I was trying a new approach to the answer I gave to this question, I thought that returning the address of a member function as ID could be a path worth to explore:
struct S
{
template <typename T>
void f(){};
using mp = void(S::*)();
template <typename T>
static constexpr mp ID()
{
return &S::f<T>;
}
};
I thought that every instantiation of S::f would have an unique address which will be shared in every translation unit and even might be available at compile time, so I tested it:
std::cout << S::ID<char>() << '\n';
And the output was 1; quite unexpected to be honest (I was expecting the value to be printed as an hex number, like other pointers), but moving forward I tried other types:
std::cout << S::ID<char>() << '\n'; // Prints '1'.
std::cout << S::ID<char>() << '\n'; // Expecting '1', got '1'.
std::cout << S::ID<short>() << '\n'; // Execting something different to '1', got '1'.
At this point, I realized that the 1 value wasn't the "adress of the member function inside the object" because two different functions (void S::f<char>() and void S::f<short>()) shared the same address.

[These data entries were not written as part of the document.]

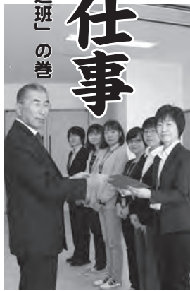
全員カメラ目線で行われた(!?)先月の表彰式
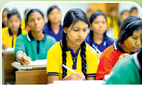
ଝାରସୁଗୁଡ଼ା ୧୧ ହାଇସ୍କୁଲ
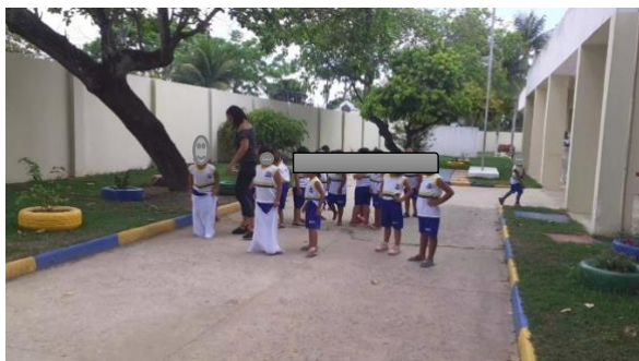
Imagem 9: Corrida de saco.

[...] é importante que o trabalho incorpore a expressividade e a mobilidade próprias às crianças. Assim, um grupo disciplinado não é aquele em que todos se mantêm quietos e calados, mas sim um grupo em que os vários elementos se encontram envolvidos e mobilizados pelas atividades propostas (BRASIL,1998. p19).
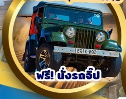
ฟรี! นั่งรถจี๊ป
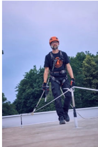
Absturzsicherungssystem SKYLINE 2.0
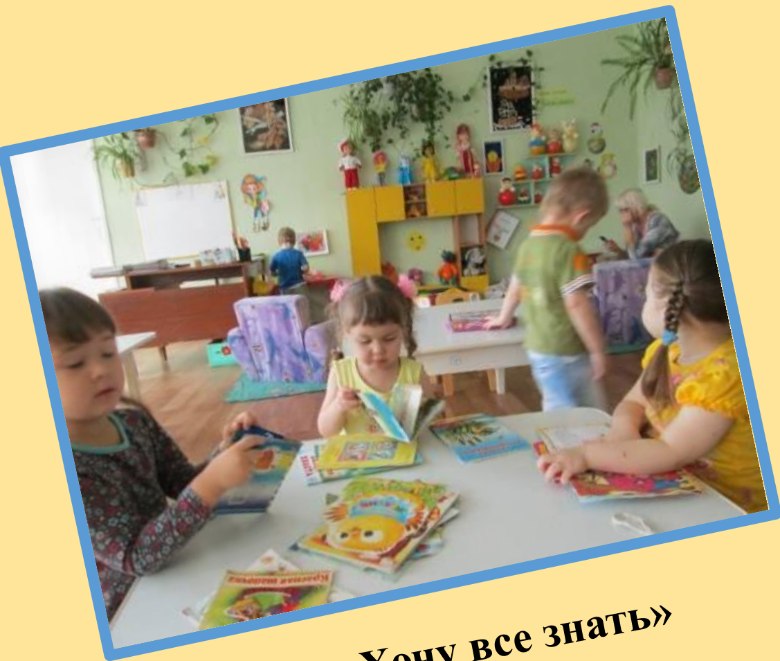
«Хочу все знать»

So I've tried another approach:
struct S
{
template <typename T>
static auto ID()
{
return +[]{};
}
};
Captureless lambdas can be converted to function pointers and each lambda has an unique type even if its contents are the same, so I was expecting some random-ish values but got 1 again:
std::cout << S::ID<char>() << '\n'; // Expecting '0x????????' Prints '1'.
std::cout << S::ID<char>() << '\n'; // Expecting '0x????????' Prints '1'.
std::cout << S::ID<short>() << '\n'; // Expecting '0x!!!!!!!!' Prints '1'.
At this point, I just want to know what those 1 means and why are all of them 1 even if the expected behaviour is that all of them must yield a different value.